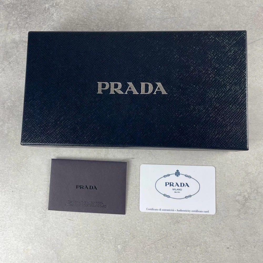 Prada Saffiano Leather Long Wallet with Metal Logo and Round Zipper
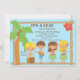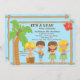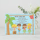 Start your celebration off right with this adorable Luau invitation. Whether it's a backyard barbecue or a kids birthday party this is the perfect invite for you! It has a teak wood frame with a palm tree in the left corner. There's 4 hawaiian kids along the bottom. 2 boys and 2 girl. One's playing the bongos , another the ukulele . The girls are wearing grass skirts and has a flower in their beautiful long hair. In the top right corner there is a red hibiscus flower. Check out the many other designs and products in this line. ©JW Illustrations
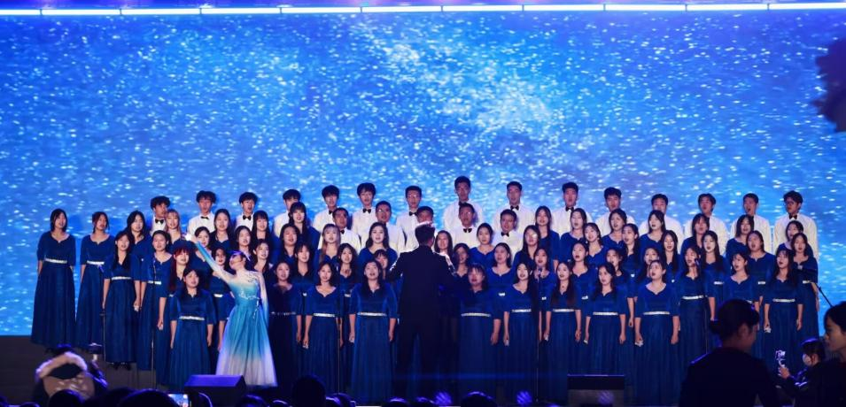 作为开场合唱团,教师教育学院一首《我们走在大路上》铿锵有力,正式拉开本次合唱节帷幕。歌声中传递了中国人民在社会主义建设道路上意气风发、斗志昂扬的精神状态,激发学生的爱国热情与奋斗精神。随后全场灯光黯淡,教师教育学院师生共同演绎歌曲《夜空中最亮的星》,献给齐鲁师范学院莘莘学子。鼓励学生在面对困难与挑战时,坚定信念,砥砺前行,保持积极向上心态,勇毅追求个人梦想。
------------------------------------------------------------------------
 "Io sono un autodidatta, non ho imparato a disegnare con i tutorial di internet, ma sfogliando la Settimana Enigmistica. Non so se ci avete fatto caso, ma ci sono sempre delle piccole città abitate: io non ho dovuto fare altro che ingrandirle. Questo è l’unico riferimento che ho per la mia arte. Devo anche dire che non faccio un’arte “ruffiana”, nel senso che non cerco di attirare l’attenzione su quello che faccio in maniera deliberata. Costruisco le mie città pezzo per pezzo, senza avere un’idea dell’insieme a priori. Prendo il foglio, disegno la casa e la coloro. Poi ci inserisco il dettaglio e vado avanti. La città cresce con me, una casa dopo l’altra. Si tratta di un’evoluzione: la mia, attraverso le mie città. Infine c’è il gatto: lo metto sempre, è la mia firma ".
------------------------------------------------------------------------
Taking the entries above, extract every line from the one bearing "Prada Saffiano Leather" through the one bearing "作为开场合唱团,教师教育学院", exactly, with no pictures.

◆ **OUTPUT OF THE TASK**:
 Prada Saffiano Leather Long Wallet with Metal Logo and Round Zipper
 Start your celebration off right with this adorable Luau invitation. Whether it's a backyard barbecue or a kids birthday party this is the perfect invite for you! It has a teak wood frame with a palm tree in the left corner. There's 4 hawaiian kids along the bottom. 2 boys and 2 girl. One's playing the bongos , another the ukulele . The girls are wearing grass skirts and has a flower in their beautiful long hair. In the top right corner there is a red hibiscus flower. Check out the many other designs and products in this line. ©JW Illustrations
 作为开场合唱团,教师教育学院一首《我们走在大路上》铿锵有力,正式拉开本次合唱节帷幕。歌声中传递了中国人民在社会主义建设道路上意气风发、斗志昂扬的精神状态,激发学生的爱国热情与奋斗精神。随后全场灯光黯淡,教师教育学院师生共同演绎歌曲《夜空中最亮的星》,献给齐鲁师范学院莘莘学子。鼓励学生在面对困难与挑战时,坚定信念,砥砺前行,保持积极向上心态,勇毅追求个人梦想。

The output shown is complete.